Paul nice feet! :p On a more serious note that looks like a pretty small room or at least a narrow one for floorstanding speakers, no wonder you are have issues with bass response. They seem to be firing straight ahead have you experimented with toe-in yet? In that room I would personally use a pair of standmount monitors, the rest of your gear and cabling looks pretty solid. So take some time mess around with the Dali's and see if you can make is listenable in the meantime you are in the NY/NJ metro area and should have tons of places to audition speakers. Take your time listen and try to buy it right and buy it once. Cheers!
Start with your room acoustics. Good acoustics will outlast every other piece of gear. :)

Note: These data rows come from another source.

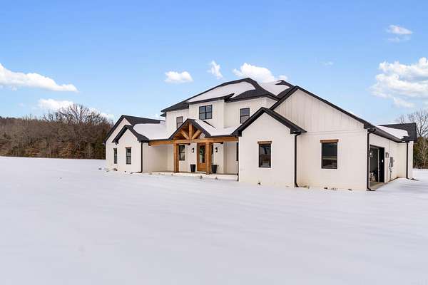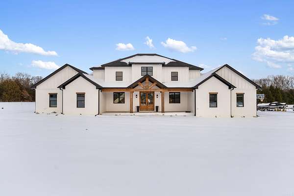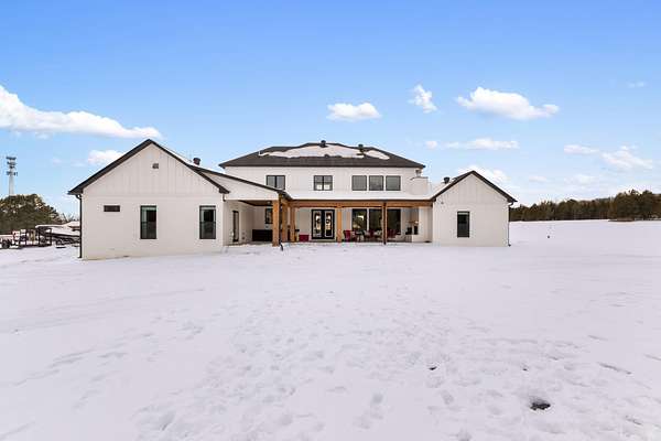 Welcome to your dream estate -- a stunning luxury residence perfectly blending elegance, comfort, and outdoor beauty on a private 3.12-acre sanctuary. Step inside to discover grand high ceilings and expansive living spaces that radiate sophistication and openness. Every bedroom boasts spacious walk-in closets, providing abundant storage and organization. The heart of the home features a gourmet kitchen with premium finishes, TWO dishwashers and a double oven complemented by expansive natural light and seamless flow to living and entertaining areas. Relax and entertain year-round with a beautiful outdoor living area, complete with a custom outdoor fireplace, perfect for cool evenings and social gatherings. The property also includes a stocked pond, providing a perfect backdrop for outdoor enjoyment. Practical luxury continues with electrical infrastructure ready for an EV charging station and a future hot tub on the back porch adjacent to the primary suite, offering easy connectivity and convenience for today's modern lifestyle. Set against breathtaking scenery and wide open space this property also welcomes chickens, allowing for a touch of country living and self-sufficiency.
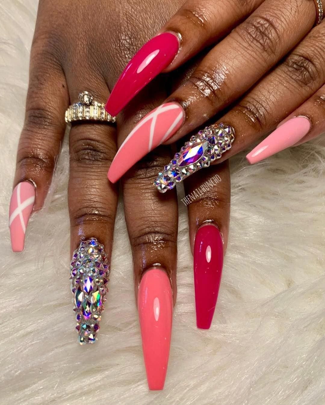 Яркий маникюр на длинные ногти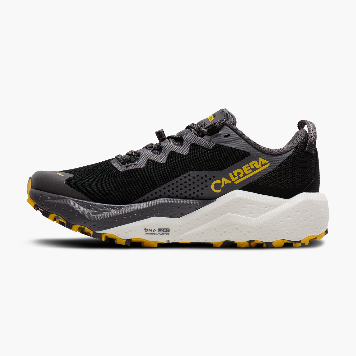 Η μεσαία σόλα του Brooks Caldera 8 trail running χρησιμοποιεί DNA LOFT v3 με έγχυση αζώτου. Ο αφρός προσφέρει βαθιά απορρόφηση κραδασμών, μειώνει την καταπόνηση σε γόνατα και ισχία και διατηρεί ελαστική επιστροφή ενέργειας σε πολύωρη προσπάθεια.

GIK Acoustics gives great advice and most value components. Courtains, wall hangings behind and on the sides are additional ways to improve the situation.
Once that’s dialed, then make decisions.
Usually adding acoustic treatment in the plane of the imaging you want to enhance is the best idea.
Lastly, you need speakers with really controlled dispersion OR lots of acoustic panels. I mean, it’s a trade off. The narrower the dispersion, the less acoustic materials, more or less.
But that’s a tight spot. Line sources or panels may be much better options. The last thing you want in this case is very wide dispersion speakers. Small horn loaded/wave guide speakers may also work well.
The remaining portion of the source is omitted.